January 9, 2020 at 10:28 am

UNRWA has sacked 17 teachers from its schools in the Palestinian refugee camps in Lebanon, Safa news agency reported yesterday.

According to the human rights group, Shahed, UNRWA claimed that the teachers were surplus to necessity.

Shahed said that UNRWA had increased the number of classes each teacher had to cover in its schools and increased the number of students in them to over 50.

The rights group said that the UNRWA was also forcing teachers to teach subjects which were not their areas of expertise or qualification.

This has meant fewer teachers are needed but that education standards are dropping in the refugee camps.

UNRWA has faced a budget deficit since 2018 when the US State Department said Washington would “no longer commit funding” it.

READ: Israel’s renewed campaign against UNRWA is an attack on Palestinian education and liberation 

The US had been UNRWA’s largest contributor by far, providing it with $350 million annually — roughly a quarter of the agency’s overall budget.

This came a month after reports emerged of a secret American report stated that there are only 40,000 Palestinian refugees, noting they are the Palestinians who left their homeland in 1948 and remain alive today and not their descendants.

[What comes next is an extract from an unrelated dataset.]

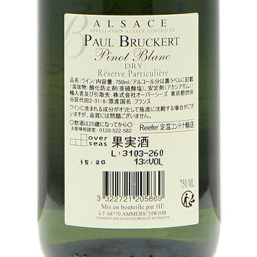 他の画像を見る 【アルザスでこの価格は優秀!】 ピノ グリ レゼルヴ パルティキュリエール 2022 ポール ブルケール 白ワイン 定価 ¥ 2,750 のところ 価格 ¥ 2,145 税込 会員特別価格 ¥ 2,145 税込 カートに入れる お気に入りに登録する

US President Donald Trump’s senior adviser and son-in-law, Jared Kushner, is reported to have tried to pressure Jordan to strip more than two million Palestinians of refugee status in a move that aims to end the work of the United Nations Relief and Works Agency for Palestine Refugees (UNRWA).

In December 2019 US Congress leaders agreed to contribute $150 million towards Palestinians in the West Bank, Gaza and East Jerusalem including to support civilian and humanitarian programmes and institutions that lost funding in 2018 as a result of the administration’s cuts.